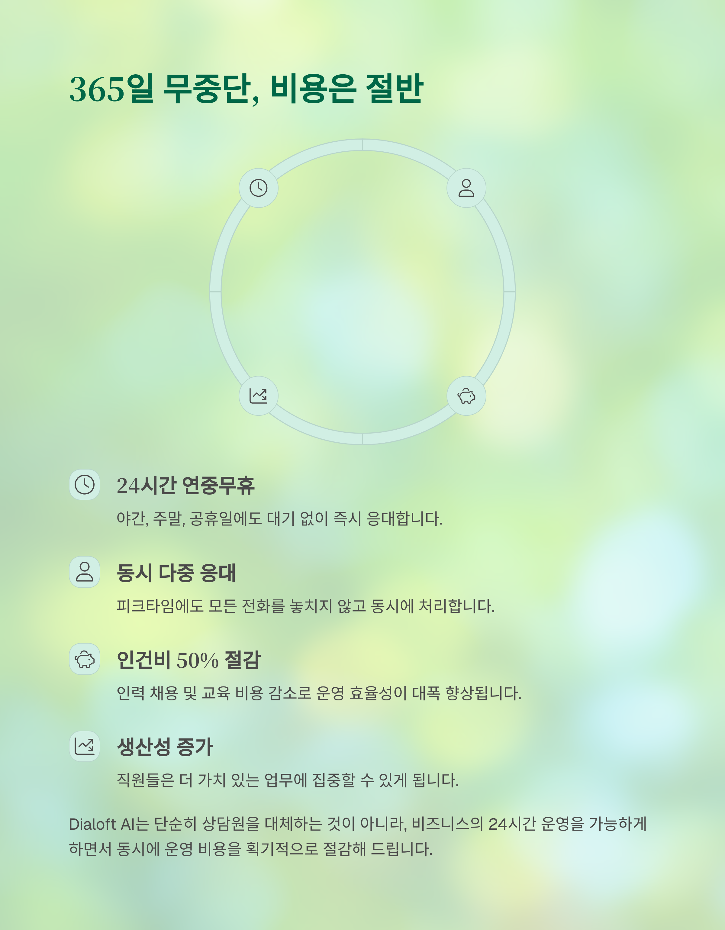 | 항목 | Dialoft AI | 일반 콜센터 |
■ ■ ■ ■
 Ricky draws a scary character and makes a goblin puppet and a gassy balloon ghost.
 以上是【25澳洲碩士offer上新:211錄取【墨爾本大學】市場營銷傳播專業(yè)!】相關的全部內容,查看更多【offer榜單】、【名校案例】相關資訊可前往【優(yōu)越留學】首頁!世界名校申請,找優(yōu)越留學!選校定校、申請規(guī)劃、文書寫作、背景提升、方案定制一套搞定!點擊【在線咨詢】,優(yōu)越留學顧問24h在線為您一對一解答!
■ ■ ■ ■
*EXERCISE INSTRUCTIONS*
Among the records above, extract exactly the lines from the line with "Ricky draws a" to the line with "以上是【25澳洲碩士offe", both lines included, and leave out the rest.

*RESULT*
 Ricky draws a scary character and makes a goblin puppet and a gassy balloon ghost.
 以上是【25澳洲碩士offer上新:211錄取【墨爾本大學】市場營銷傳播專業(yè)!】相關的全部內容,查看更多【offer榜單】、【名校案例】相關資訊可前往【優(yōu)越留學】首頁!世界名校申請,找優(yōu)越留學!選校定校、申請規(guī)劃、文書寫作、背景提升、方案定制一套搞定!點擊【在線咨詢】,優(yōu)越留學顧問24h在線為您一對一解答!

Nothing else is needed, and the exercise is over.